The best coaches and most admired teammates in the public eye have devoted their craft of leadership around building relationships with their teams, peers, assistant coaches, and those they have recognized are integral members of successful environments.

Extroverts could argue that creating, engaging and building relationships happens naturally. Introverts, however, would argue that those aspects of relationships are not energizing (sometimes exhausting) and more naturally challenging to engage in and maintain. In whatever realm you more closely resonate with, please allow the following points to be potential pathways that would enable you to begin, build, and better the relationships with those in your current athletic sphere.

Begin

  • Identify. As a leader dedicated to enhancing your environment, spend time identifying who in your sphere you need to connect more regularly with, or a relationship you could add depth to.
  • Time. In the infancy stages of building relationships, timing is crucial. Determine when you will be intentional about connecting and also consider how long you plan to be in this posture. Asking your teammate about their biology exam in the middle of conditioning probably isn’t the best timing. However, when you see your teammate in the library studying before practice feel free to drop a line to connect and build that rapport.
  • What. Prior to building a relationship with the person you’ve identified, determine on what ground you’ll connect. What do you know about him or her that would allow you to connect or ask questions about? What common ground do the two of you share? Allowing yourself to identify these areas will set up your intentional time well.

Build

  • Why. As you navigate the build stage of your relationship, be sure that your teammate (for example) knows why they are valuable to you. This does not have to be a fully vulnerable display of emotion on your end. Rather, allow it to be a natural declaration of why your teammate is great. For example, “Jenn, you are such a great teammate. You’re never late to practice and are always willing to warm up with me. I love that.”
  • Return. Similar to the ‘what’ stage of beginning your relationship, as you build your relationship return as often as needed, to the common ground that connects you to that person. That common ground is likely to have been a foundation previously and there is no sense in disrupting or navigating away from that bond.
  • Test. Leadership, specifically relationship building, will never be a straight and narrow journey. Attempt to understand your relationship so well that you can identify what works and what does not work in your intentional time and conversation. Understand that ‘what works’ will feel and look different for each unique leader. Successful relationship building may look like a lot of smiles and laughs for some. For others, it may look like sharing game strategy or challenging one another to a cool down game of one on one.

(Make) Better

  • Challenge. The greatest relationships shared between players and coaches or amongst teammates are those that challenge both parties. In this point of emphasis, allow the world challenge to foster a positive connotation. Understand this word to be an avenue to grow so the relationship naturally gains depth.
  • Review. When under pressure, players and coaches will often revert back to their most deeply held habits. Game competition is a natural environment for this to be displayed. After competition has ended, spend time reviewing your relationship in those intense moments. What could you take individual responsibility for to make your relationship in those moments better? What can be done as a duo to ensure a great relationship is maintained in fierce moments of competition?
  • Reaffirm. Critically important, especially after reviewing your relationship, is the affirmation you can provide in your relationship. This continued concept should never lack in a successful relationship. As your commitment to leadership continues and you make your relationships better, it will become easier to identify where and how that person adds value to your life, your team and your individual relationship. Share this with them as soon and as often as it comes to the surface.
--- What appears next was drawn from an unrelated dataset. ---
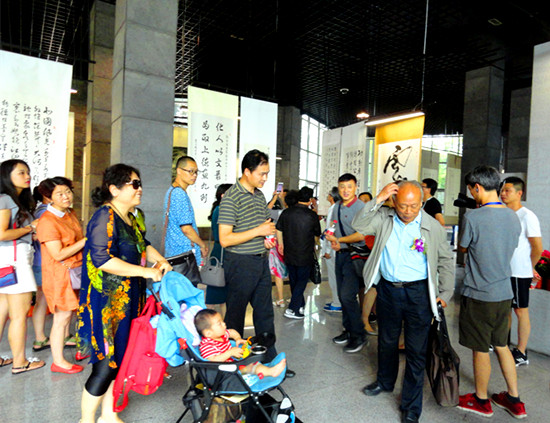 记者现场看到,很多现场观展嘉宾是祖孙三代全家动员,年长者90岁左右,年幼者是尚在襁褓中的婴儿,他们一起受艺术的魅力而感召,一起陶醉在艺术的海洋,一起沐浴着艺术的芬芳……

Relationships are powerful. They have the ability to take a team from average to good, good to great, and great to championship level. As an investment into your own leadership, whether you are a coach, player, assistant or support staff, embrace the opportunity ahead of you to begin, build, and better the relationships in your spheres of influence.  

________________________________________________________________________________________

 

New Is Coming

To get a FREE preview of the new curriculum when it’s available, click here!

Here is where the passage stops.